WOW, great shots!!!! :thumb:


----------



## LSpec (Apr 7, 2013)

very good


----------



## Crafoo (Oct 27, 2013)

Was really active last night, apparently could be seen in the midlands of England, gutted I missed it.

I went to Iceland recently and saw nothing lol, typical.


----------



## Paul_W (Feb 11, 2006)

Crafoo said:


> Was really active last night, apparently could be seen in the midlands of England, gutted I missed it.


Me too. I'm in Rutland. I read about it online last night, took one look out the window and saw fog so didn't bother doing anything. Today I found out that a couple of miles away there was no fog at all. Gutted


----------



## Shiny (Apr 23, 2007)

Lovely pics.

A lady i used to work with now lives in Canada and posts some great shots to her FB page. Might give you some ideas https://m.facebook.com/ArcticLensPhotography


----------



## Crafoo (Oct 27, 2013)

Paul_W said:


> Me too. I'm in Rutland. I read about it online last night, took one look out the window and saw fog so didn't bother doing anything. Today I found out that a couple of miles away there was no fog at all. Gutted


It's one of those things that i really do want to see and was gutted to miss it due to cloud cover when i was in Iceland.
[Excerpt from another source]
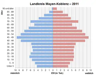 Bevölkerungspyramide für den Kreis Mayen-Koblenz (Datenquelle: Zensus 2011)[4]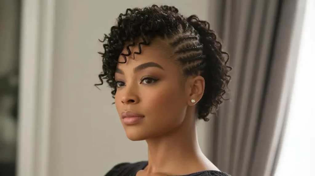 Sometimes you need a style that protects your hair for days. This updo incorporates flat twists, which look intricate and keep your roots neat. It’s a great option if you have tighter coils (type 4 hair) and want longevity out of your style.

I had no idea it wastes active until it was too late to see it in the UK. I'm sure I'll be going back to Iceland at some point though so hopefully I'll be a bit luckier.


----------



## GleemSpray (Jan 26, 2014)

We saw them a couple of years back flying back from the States and during the night period the cabin crew came round to those who were awake and said if you look out the left side you will see the Northern Lights! 

It was a great display.


----------



## 5kinner (Nov 24, 2014)

Great Shots! We've just come back from Iceland, but didn't see them. I suppose it's given an excuse to go back though.


----------



## Crafoo (Oct 27, 2013)

5kinner said:


> Great Shots! We've just come back from Iceland, but didn't see them. I suppose it's given an excuse to go back though.


Isn't it just the most astonishing country.

Me and the missus fell in love with the place and can't wait to go back at some point.


----------



## stevieR26 (Feb 21, 2010)

Wow amazing pics !


----------